A 40-year-old woman with a history of smoking cessation, celiac disease, hypothyroidism after treatment with radioactive iodine due to Graves' disease.
In July 2007 a diagnosis of ANCA-associated vasculitis (APG) was made in the context of upper airway involvement (UAA), right supraclavicular palpable mass and abdominal wall at the level of hypogastrium10.
Laboratory findings include erythrocyte sedimentation rate (ESR) greater than 120 mm, c-ANCA positivity, and non-multiresistant enzyme-linked immunosorbent (PRELISA) revealed specificity for urinary proteinase antigen,
He presented left apical lung mass with central necrosis without cavitation.
A supraclavicular mass biopsy was taken and the pathological anatomy revealed necrotizing granulomatous infamation.
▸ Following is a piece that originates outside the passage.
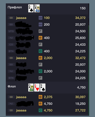 Мысли на флопе: "У оппа нету АА, КК части QQ и АК. С дровами в IP скорее всего просто коллировал бы cbet, значит хочет выбить слабую часть диапазона (JA, JJ, 1010?) или добрать от сильной части диапазона (от моих АА, КК, AQ)😅"
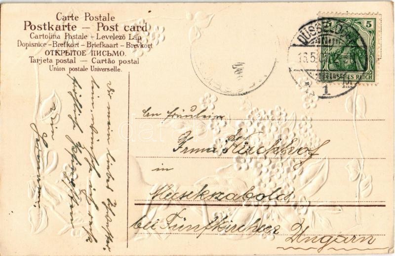 Beschreibung: 1907 Ein frohes Pfingstfest / Pentecost greeting card. Floral, Emb. litho (apró lyuk / tiny pinhole)

Based on the above, the diagnosis of early systemic APG of EUVAS (European vasculitis Registry) or localized was made given the absence of renal involvement.
She was treated with cyclophosphamide and prednisolone with clinical improvement.
He relapsed with respiratory symptoms and pulmonary nodules, but with normal flow volume curve (CFV), under treatment during the years 2008, 2009 and 2010.
It was interpreted as refractory disease and treated with mycophenolate 3 g/day, which is currently the case.
In early May 2011, she began with exertional dyspnea, stridor, wheezing and hemoptoic expectoration.
The laboratory results were normal, including ESR and ANCA.
The VF was performed and showed flattening of inspiratory flows, as well as those described as a curve box.
1.
Computed tomography (CT) of the larynx and trachea showed SGS with tracheal stenosis.
The fibrobronchoscopy showed vesicular stranding activity and sub-optimal level friable mucosa with multiple granulomas and signs of locality with a light of 7 mm.
Although the patient was found to have high doses of medication, she had an intercurrence with a GSE, which differed significantly: it was a new relapse or healing of a seizure injury.
The doubt was settled treatment with three pulses of amiodarone of one gram, and then began to remove complex antigen-antibody.
Laboratory tests showed normal CD20 counts, so 4 doses of rituximab were administered at a dose of 375 mg/m2/week for 4 weeks with excellent tolerance.
Rigid therapeutic bronchoscopy (with dilatation and electrocautery) was performed.
The patient was asymptomatic two years after the event.